What will now be described is a representation of the expected difference between a data item accessed in the Little Endian environment and the same data item accessed in the Big Endian environment. If LEM represents the particular data item representation in the Little Endian environment, then the expected format of that data item in the Big Endian environment may be represented as BEM (expected) so that generally the following should hold true:

(f(LEM(actual))⁻¹)=BEM(expected)

where f(x)⁻¹represents the byte swap of the data element x. In other words, if a first actual data item is in the Little Endian format (e.g., LEM (actual)), the first data item's byte ordering may be swapped to determine what the value of the first data item is expected to be in accordance with a Big Endian representation (e.g., BEM (expected)). The data value corresponding to the foregoing expected result (e.g., BEM (expected)) can be compared to another data value of the first data item actually read from the memory associated with a Big Endian architecture (e.g., BEM (actual)). If the two values (e.g., BEM (actual) and BEM (expected)) are not the same, then the current data item is flagged as an incompatibility candidate. The source code statement associated with the current data access of the data item may be examined based on this detected data incompatibility to determine if the source code represents a coding incompatibility. In other words, the associated source code may be written in accordance with data dependencies or assumptions which are not valid in both the Big and Little Endian environments. Thus, the null hypothesis, H0, may represent the instance where there is no incompatibility associated with a current data access and associated code and the following holds true:

(f(LEM)⁻¹)=BEM (expected) and

BEM(expected)=BEM (actual)

wherein

“BEM (expected)” is the expected data value produced from the actual Little Endian formatted data value read from the memory of data storage system 20b, and

“BEM (actual)” is the actual Big Endian formatted data value as may be read from data storage system 20a.

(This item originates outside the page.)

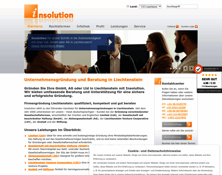 Insolution Kanzlei für Unternehmensgründungen in Liechtenstein. Gründung verschiedenster Gesellschaftsformen, einschließlich der Irischen und Englischen Limited (Ltd), der Gesellschaft mit beschränkter Haftung (GmbH), der Aktiengesellschaft (AG), der Liechtenstein Venture Cooperative (LVC), der Anstalt und der Stiftung.

H1 may represent the instance where H0 evaluates to false such that a possible incompatibility is detected.

It should be noted that the following also holds true:

(f(BEM)⁻¹)=LEM (expected) and

LEM(expected)=LEM (actual)

wherein

“LEM (expected)” is the expected data value produced from the actual Big Endian formatted data value read from the memory of data storage system 20a, and

“LEM (actual)” is the actual Little Endian formatted data value as may be read from data storage system 20b.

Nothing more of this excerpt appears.